Goal of the exercise
Please return the full listing exactly as written, with the images removed.

Recorded information

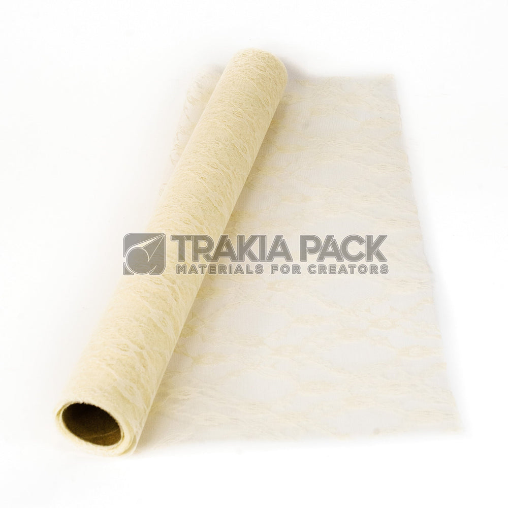 Нежна мрежа в цвят екрю, размер 50 см x 4,5 м, подходяща за романтични букети и флорални украси.
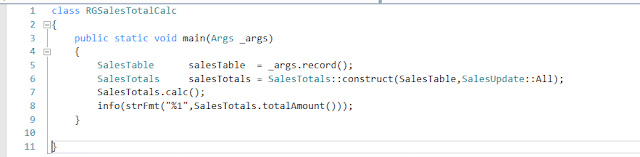 Click on the button just to make sure that it’s working. On clicking it we can see that Infolog is shown to display the Sales order total amount
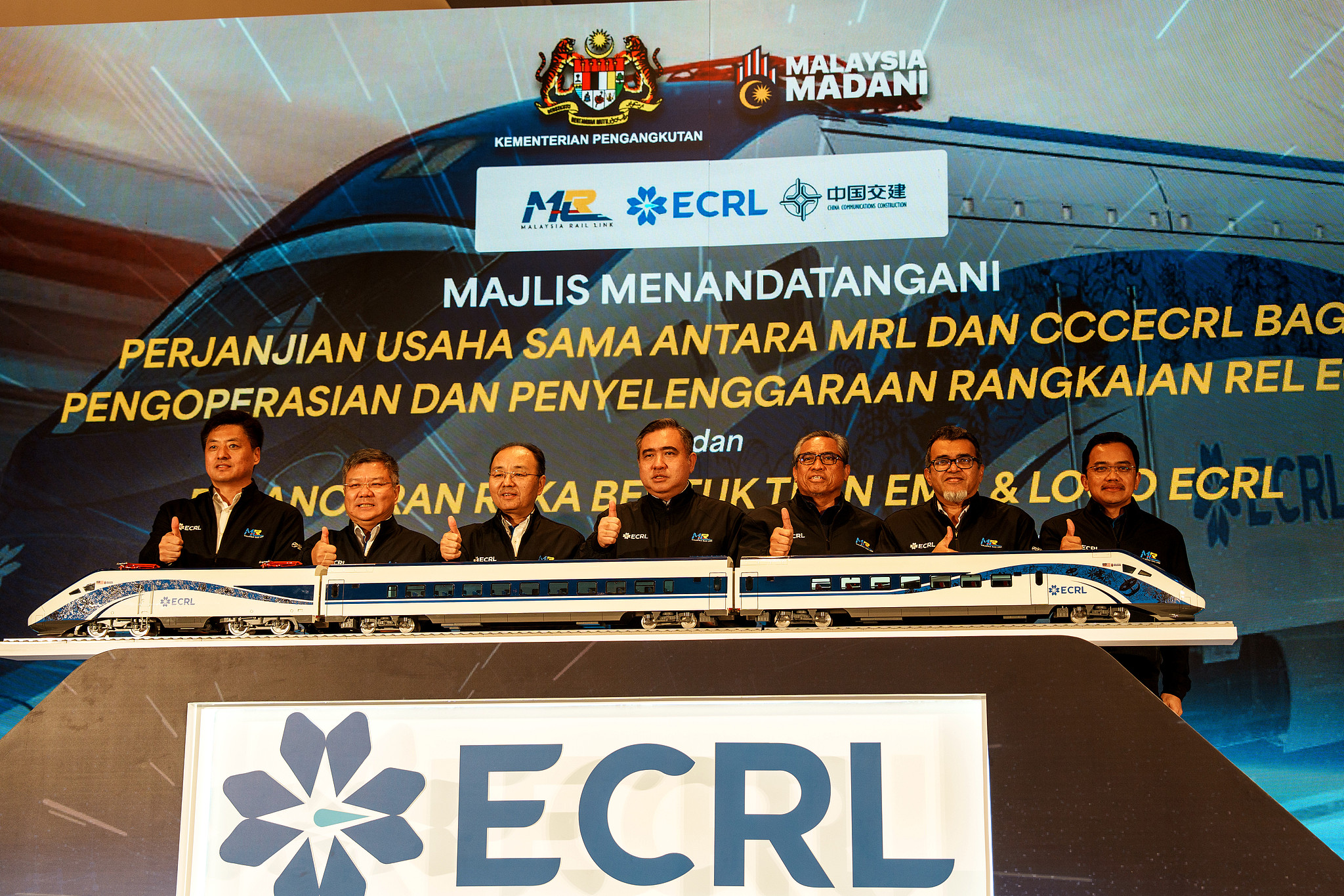 Passenger train design and logo of the Malaysia East Coast Rail Link are released in Putrajaya, Malaysia, December 18, 2024. A joint operation and maintenance agreement was also signed by Chinese and Malaysian companies. /VCG

Solution for this exercise
 Нежна мрежа в цвят екрю, размер 50 см x 4,5 м, подходяща за романтични букети и флорални украси.
 Click on the button just to make sure that it’s working. On clicking it we can see that Infolog is shown to display the Sales order total amount
 Passenger train design and logo of the Malaysia East Coast Rail Link are released in Putrajaya, Malaysia, December 18, 2024. A joint operation and maintenance agreement was also signed by Chinese and Malaysian companies. /VCG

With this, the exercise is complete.